What the task requires: Transcribe the whole listing below without changing a word, but leave out every image.
%%
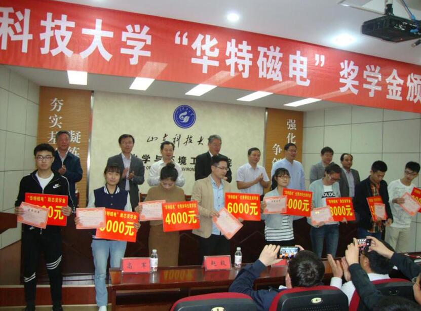 根據公司與山東科技大學簽訂的“華特磁電”獎學金使用辦法,本次獎學金發放給化學與環境工程學院的在校學生。這是公司在山東科技大學頒發的第二屆“華特磁電”獎學金。山東科技大學黨委副書記李道剛,學生工作部、校團委、教務處、合作發展處、化工學院負責人出席會議,會議由化工學院黨委副書記竇存增主持。獲獎學生以及礦物加工工程系教師、研究生、本科生代表參加會議。
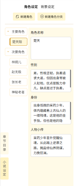 而是围绕你设的大纲、人物设定,从头到尾跑完完整的长篇小说。
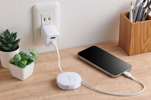 ケーブルを引き出す際のカチカチ音が響きにくい、静音性の高いモデルです。オフィスなど周りに人がいる場所でも安心して使えます。
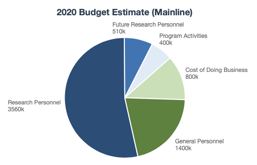 Our projected budget for 2020 is $6.4M–$7.4M, with a point estimate of $6.8M,[2] up from around $6M this year.[3] In the mainline-growth scenario, we expect our budget to look something like this:
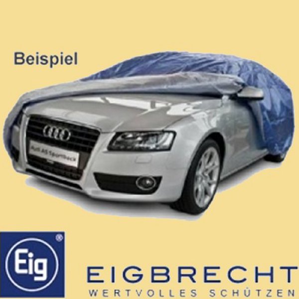 EIGBRECHT Auto-Pelerine Premium aus gewebeverstärkter Spezialfolie mit lackschonender, leicht geschäumter Unterseite. Kühl im Sommer, schnee- und eisfrei im Winter, schonend zum Lack. Absolut wasserdicht, temperaturbeständig von -30°C bis +80 °C und UV-stabilisiert.
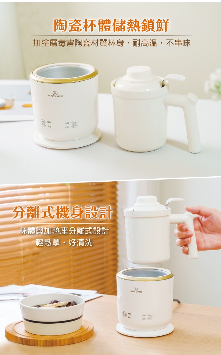 無塗層陶瓷材質杯體儲熱鎖鮮,給您適合的溫度
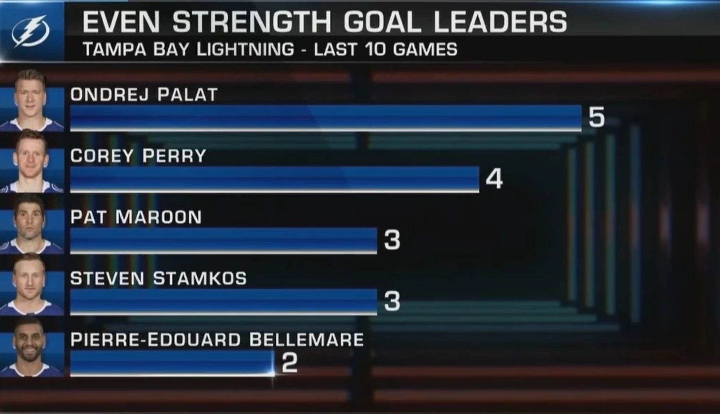 Даже в лучший для себя год по шайбам (и баллам в целом) плей-офф для Стэмкоса внутри Тампа Бэй нашёлся человек с равным числом шайб, ранее упомянутый Палат (и это ещё Пойнт толком не играл). Да что там очко за игру, даже 20 баллов ему снова не покорились. 19 - на целый пунктик опередил само себя образца прошлого сезона, а также "легендарного нефтяника" Фернандо Пизани, правда тот аж 14 шайб положил тогда, о чём "илитный снипер" видимо так и останется мечтать.
%%
Answer to this exercise:
 根據公司與山東科技大學簽訂的“華特磁電”獎學金使用辦法,本次獎學金發放給化學與環境工程學院的在校學生。這是公司在山東科技大學頒發的第二屆“華特磁電”獎學金。山東科技大學黨委副書記李道剛,學生工作部、校團委、教務處、合作發展處、化工學院負責人出席會議,會議由化工學院黨委副書記竇存增主持。獲獎學生以及礦物加工工程系教師、研究生、本科生代表參加會議。
 而是围绕你设的大纲、人物设定,从头到尾跑完完整的长篇小说。
 ケーブルを引き出す際のカチカチ音が響きにくい、静音性の高いモデルです。オフィスなど周りに人がいる場所でも安心して使えます。
 Our projected budget for 2020 is $6.4M–$7.4M, with a point estimate of $6.8M,[2] up from around $6M this year.[3] In the mainline-growth scenario, we expect our budget to look something like this:
 EIGBRECHT Auto-Pelerine Premium aus gewebeverstärkter Spezialfolie mit lackschonender, leicht geschäumter Unterseite. Kühl im Sommer, schnee- und eisfrei im Winter, schonend zum Lack. Absolut wasserdicht, temperaturbeständig von -30°C bis +80 °C und UV-stabilisiert.
 無塗層陶瓷材質杯體儲熱鎖鮮,給您適合的溫度
 Даже в лучший для себя год по шайбам (и баллам в целом) плей-офф для Стэмкоса внутри Тампа Бэй нашёлся человек с равным числом шайб, ранее упомянутый Палат (и это ещё Пойнт толком не играл). Да что там очко за игру, даже 20 баллов ему снова не покорились. 19 - на целый пунктик опередил само себя образца прошлого сезона, а также "легендарного нефтяника" Фернандо Пизани, правда тот аж 14 шайб положил тогда, о чём "илитный снипер" видимо так и останется мечтать.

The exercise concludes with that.